BEIJING -- A 70-year-old petition published Wednesday about a real estate dispute in East China's Nanjing City has provided a glimpse into the comfort women trade during Japan's World War II invasion.

Photos of Huang's hand-written petition and the government investigation report were published on the website of China's State Archives Administration (SAA) Wednesday as part of the videos and archives documenting women forced into prostitution by the Japanese.

The petition was submitted by Huang Huifeng, who owned a three-floor family townhouse on a commercial street in Nanjing, to the city government in November 1945, a few months after Japan's surrender and the end of WWII.
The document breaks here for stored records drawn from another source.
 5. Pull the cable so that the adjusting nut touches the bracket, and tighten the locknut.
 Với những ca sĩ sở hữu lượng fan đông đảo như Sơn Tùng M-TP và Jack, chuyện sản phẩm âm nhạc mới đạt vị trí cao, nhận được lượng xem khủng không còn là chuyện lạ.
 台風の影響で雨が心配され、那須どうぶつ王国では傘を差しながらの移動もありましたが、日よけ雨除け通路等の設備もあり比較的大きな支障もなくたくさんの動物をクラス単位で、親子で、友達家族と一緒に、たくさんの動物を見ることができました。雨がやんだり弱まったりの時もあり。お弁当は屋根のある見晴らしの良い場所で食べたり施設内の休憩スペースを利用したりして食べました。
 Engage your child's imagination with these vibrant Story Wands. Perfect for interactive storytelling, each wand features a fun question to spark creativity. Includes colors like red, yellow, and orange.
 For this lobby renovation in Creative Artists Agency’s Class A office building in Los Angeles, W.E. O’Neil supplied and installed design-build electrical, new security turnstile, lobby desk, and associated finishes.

Huang accused Japanese national Hideyoshi Nobuyoshi of seizing his house in 1937, when he and his family fled Nanjing after the war broke out, and refusing to move out when they returned a few months later. Although Nobuyoshi agreed to pay rent, he stopped making payments in July 1938.
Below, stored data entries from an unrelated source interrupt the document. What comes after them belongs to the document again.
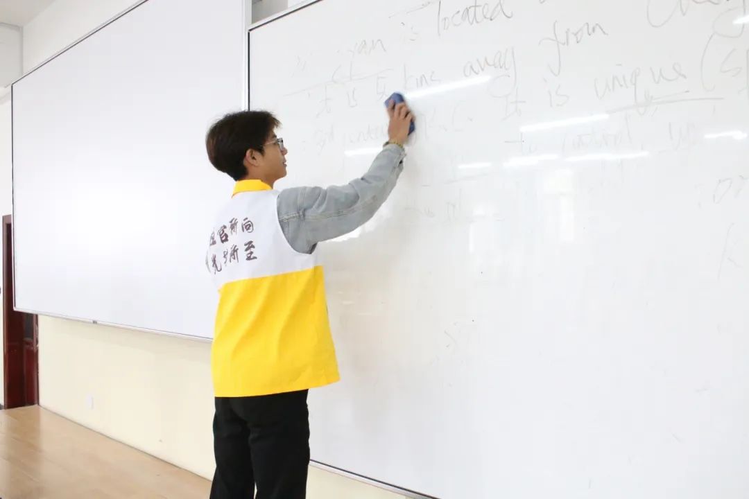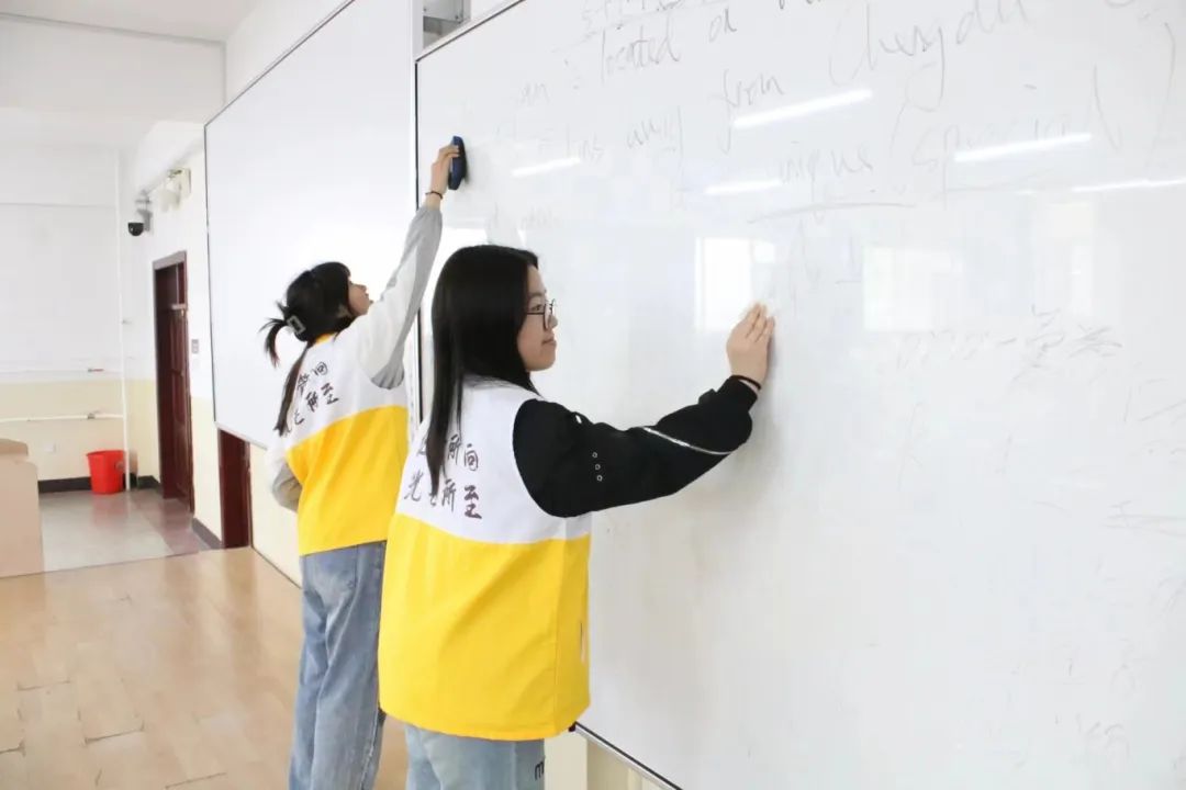 通过大家的辛勤努力,教室变得干净整洁,不仅为同学们创造了舒适的学习环境,也让志愿者们在劳动中深刻体会到了团结协作的精神。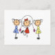 Three little stick figure girls having a blast jumping rope on stick figure T-shirts, mugs, tote bags, cards, stickers, and other items that are customizable and make great gifts for family members, children, friends, and coworkers!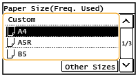 اگر اندازه کاغذ بارگذاری شده نشان داده نشد، <Other Sizes> را انتخاب کنید.

"Nobuyoshi opened a private club at my house, which contained a brothel holding comfort women and serving Japanese soldiers," Huang wrote.

The Nanjing government's investigation confirmed that Huang's house had been used as a "comfort station," a military brothel where women were forced into prostitution.

Euphemistically named "comfort women," an estimated 200,000 women were forced into sexual servitude by Japanese troops during WWII.

After its defeat, Japan destroyed many of the related records and documents, and little evidence survives today to confirm and detail the plight of "comfort women."

Only a handful of them are still alive and few have publicly admitted their painful past. Thousands took their secret to the grave without receiving an apology or compensation from Japan.